Читаем В шаге от вечности. Как я стал киборгом, чтобы победить смерть полностью

Я прошествовал в кабинет директора так, как в моем представлении шествовал бы на казнь юный принц. Бесстрашно. Одновременно с этим я пытался смирить животный ужас неукротимой яростью: эти две дикие силы сосуществовали в равновесии лишь усилием моей воли. И равновесие это было весьма хрупким. Я был молод и неопытен в его поддержании, но подростковая самоуверенность дала мне необходимое: я верил в силу собственной воли.

Мой декан скользнул в кабинет за нами и притворил дверь, а директор – я заметил легкий румянец на его щеках – вернулся к своему столу. Там лежало оно. Почти метр в длину. Толщиной с палец. Орудие наказания, предназначенное для старших мальчиков.

Директор повернулся лицом ко мне, спиной – к окну с частым переплетом, выходившему на идиллическую картину школьной жизни, которой принадлежал и я, и взглянул прямо на меня.

– Сэр!

– Вы же помните, директор… – перебил меня декан.

– Да, да, какое неудачное стечение обстоятельств, Скотт. Весьма неприятное. Очень досадно.

– Сэр?

Похоже, он раздумывал, как именно продолжить. Эти неморгающие глаза напомнили мне о змее, готовящейся к броску. Когда директор все же раскрыл рот, его голос звучал в два раза громче, чем обычно:

– Неужели вы хотите стать мерзостью, Скотт?

Черт!

Я ожидал чего угодно, но не этого. Его слова застали меня врасплох. Слово «мерзость» в таком контексте могло значить только одно: намеренную отсылку к книге Левит.

– Я жду ответа.

В голове у меня было пусто. Из всех поводов попасть на ковер к директору этот был худшим. Самым паршивым. На автопилоте я отрапортовал:

– Конечно, нет, сэр!

Он покачал головой в знак недоверия или, возможно, пренебрежения.

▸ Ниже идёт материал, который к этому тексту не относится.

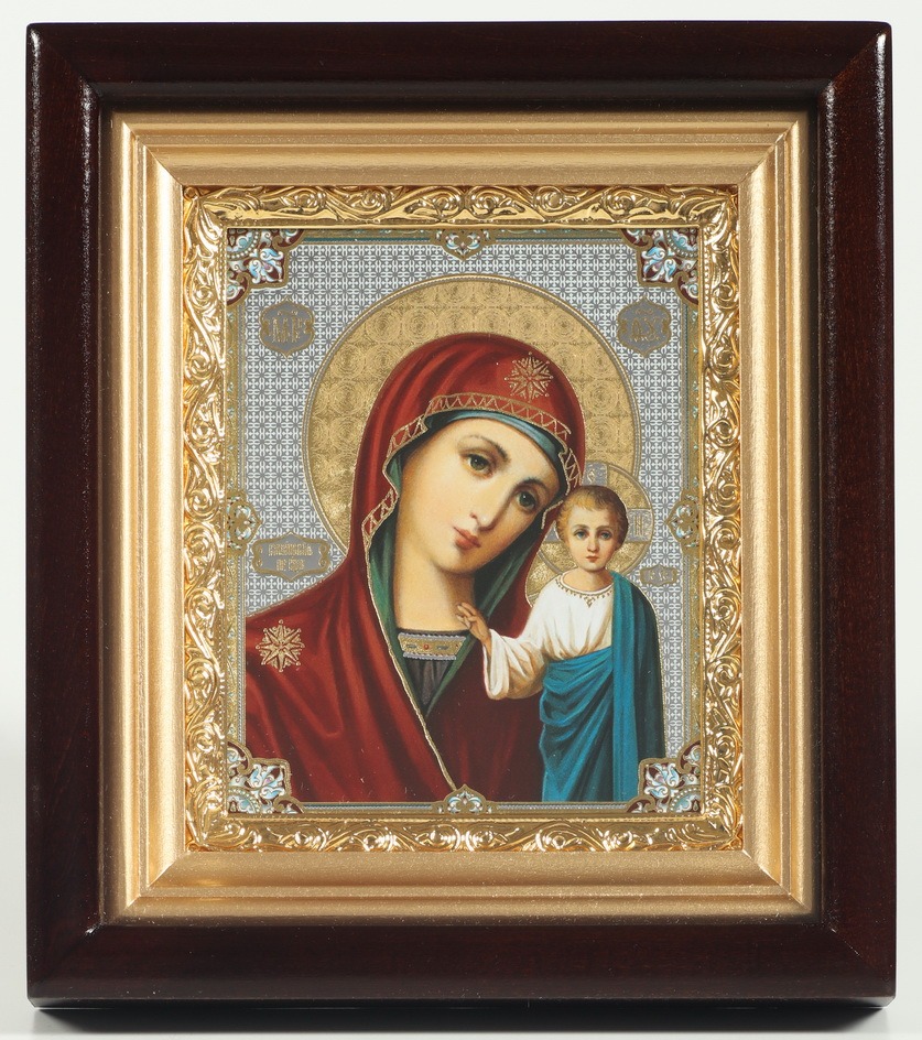 Киот-липа, аэрозольный подрамник, рамка-латунь(золочение),стекло, изображение-полиграфия

– А я слышал другое, Скотт. И ваш декан слышал другое.

Декан расценил это как предложение присоединиться к разговору и подошел ближе к столу директора; трость теперь лежала между ними. Символично.

– У него совершенно неприемлемая репутация, директор. Не только его сокурсники, но и мальчики на год младше, из пансиона, открыто шутят на эту тему за обедом. Очень, очень неуместно. Он подает совершенно неподобающий пример всей школе, директор!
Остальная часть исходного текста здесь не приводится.